## RECORDED DATA:
• • • • • • •
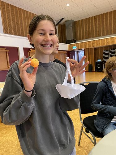 First up: a 'wordle' to get the brains warmed up, followed by a longer challenge that required the students to work out how to keep a ping pong ball in the air for the longest time using predominantly rubber bands, ice-block sticks and a balloon. Many an inventive solution was thought up, but the winners of this section managed to keep their ping pong airborne for 1.2 sec.
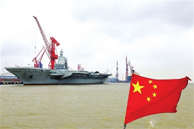 图① 首航前靠泊在码头的福建舰(4月30日摄)。新华社发 (蒲海洋 摄)
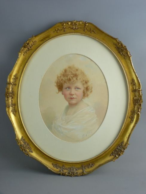 FOLEY watercolour - oval portrait of a young girl, dated 1923, signed bottom right, 36 x 28 cms
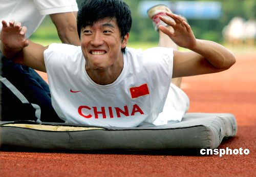九月十九日,刚刚在第十届国际田联世界杯上获得男子一百一十米栏亚军的刘翔,一回到上海就投入到训练中,积极备战将于本月二十三日举行的上海国际田径黄金大奖赛。图为刘翔在上海莘庄训练基地进行身体训练。中新社发 汤彦俊 摄
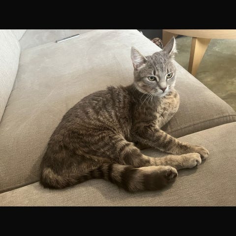 Lovis är snart tre år gammal o är en blandning mellan Maincoon/Norsk skogskatt.
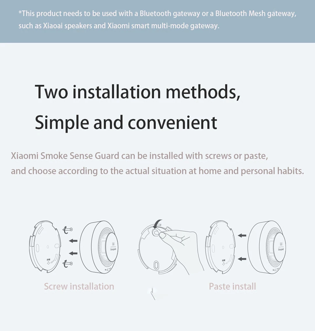 Xiaomi Smoke Sense Guard можно установить с помощью винтов или пасты и выбрать в соответствии с реальной ситуацией дома и личными привычками.
• • • • • • •
## TO DO:
Starting at the line that contains "图① 首航前靠泊在码头的福建舰(4月30日摄)。新华社发 (蒲海洋 摄)", reproduce exactly and only the lines through the end of the entries above, with the pictures excluded.

## WRITTEN ANSWER:
 图① 首航前靠泊在码头的福建舰(4月30日摄)。新华社发 (蒲海洋 摄)
 FOLEY watercolour - oval portrait of a young girl, dated 1923, signed bottom right, 36 x 28 cms
九月十九日,刚刚在第十届国际田联世界杯上获得男子一百一十米栏亚军的刘翔,一回到上海就投入到训练中,积极备战将于本月二十三日举行的上海国际田径黄金大奖赛。图为刘翔在上海莘庄训练基地进行身体训练。中新社发 汤彦俊 摄
 Lovis är snart tre år gammal o är en blandning mellan Maincoon/Norsk skogskatt.
 Xiaomi Smoke Sense Guard можно установить с помощью винтов или пасты и выбрать в соответствии с реальной ситуацией дома и личными привычками.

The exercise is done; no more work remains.